Поморщившись от укола под левой грудью — он надеялся, всего лишь от изжоги,— Эрн, избавив ногу от рваных простынь, сел, уперся босыми ступнями в домотканый половик у койки. Лишь миг Эрн упивался мягкими комками вязальной шерсти между пальцев, затем поднялся под протестующий стон кроватной рамы. Осоловело обернулся к беспорядку из угольно-черного армейского одеяла и соскользнувшего на пол стеганого покрывала, под которым храпел только что, затем встал на колени на лоскутную прикроватную подстилку, словно для творения молитвы, как когда-то в семилетнем возрасте четверть века назад.

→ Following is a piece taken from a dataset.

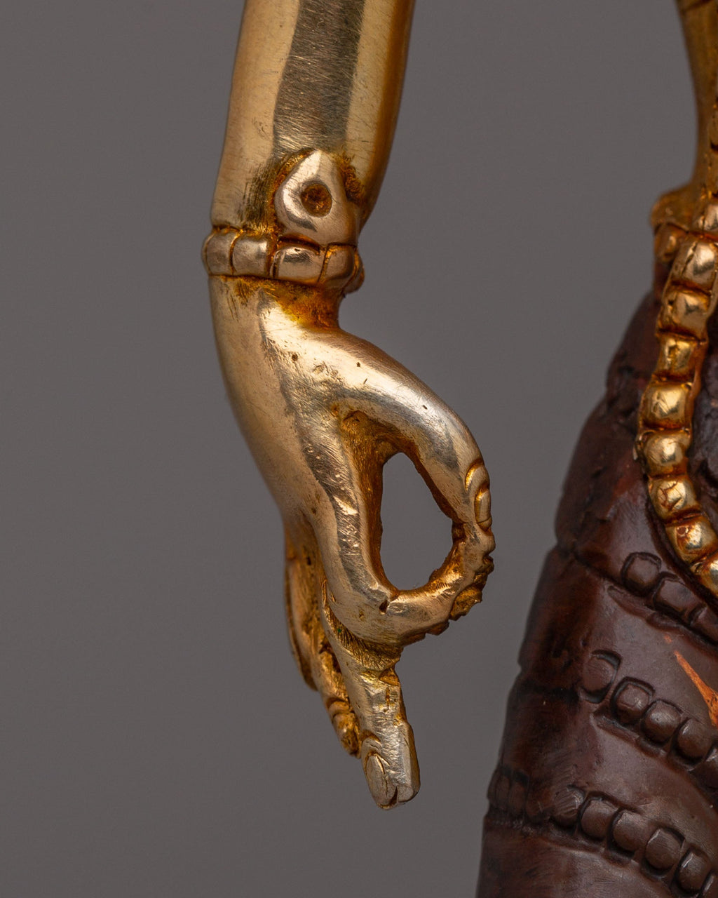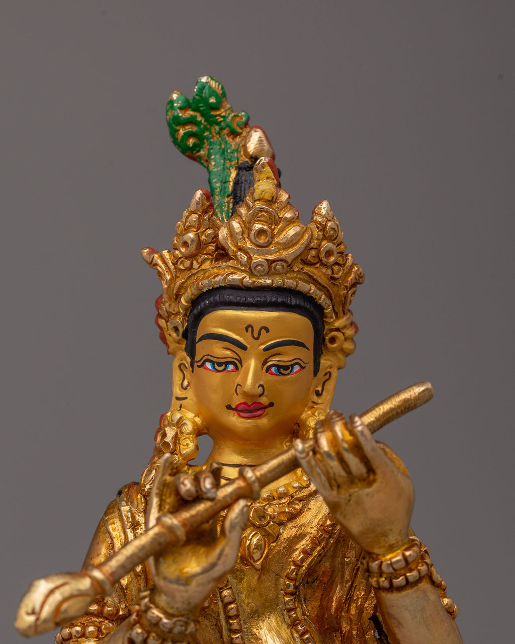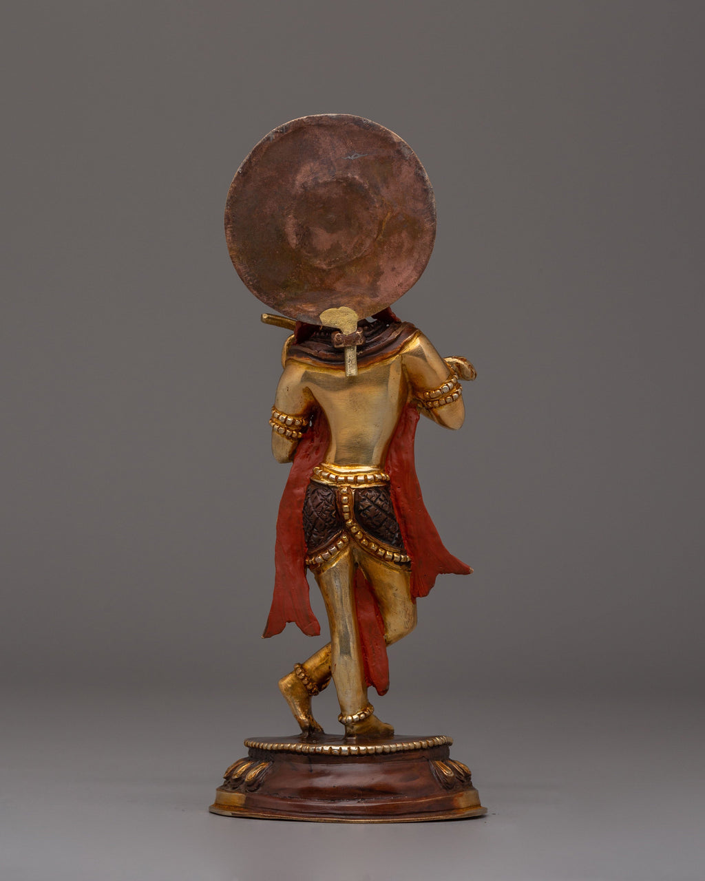This exquisite Handmade Radha Krishna Statue captures the essence of love, devotion, and harmony. Crafted from copper and adorned with 24K gold plating and vibrant acrylic colors, this statue depicts Radha and Krishna in a graceful, embracing pose. Standing 18.5cm tall with Krishna at 21cm, it represents their eternal bond, making it a powerful symbol for spiritual connection and a beautiful addition to any altar or sacred space.

Он запустил обе руки во тьму под кроватью и осторожно вытянул по голым половицам плещущий ночной горшок, установив перед собой, словно шляпу попрошайки. Нащупал своего старичка в колючей прорези серых фланелевых кальсон, слепо уставившись на озерцо цвета сиены и кровавого апельсина, что уже томилось в потрескавшейся фарфоровой вазе, и задумался, не снилось ли ему чего-нибудь. Выпустив прямую и твердую, как стрела, струю мочи в наполовину полную емкость, припомнил, будто был во сне актером, скрывался за кулисами какой-то то ли мелодрамы, то ли сказки о привидениях. Драма, прояснялось понемногу, была о проклятой часовне, и он играл плута, которому пришлось прятаться за таким портретом с вырезанными глазами, — они часто встречаются в подобном жанре. Только Эрн не подглядывал, а говорил из-за полотна напускным устрашающим тоном, дабы напугать человека по ту сторону, столкнувшегося с волшебной картиной. Малый, над которым он подшучивал, казался столь потрясенным, что Эрн даже хихикнул во время мочеиспускания, все еще коленопреклоненный у кровати.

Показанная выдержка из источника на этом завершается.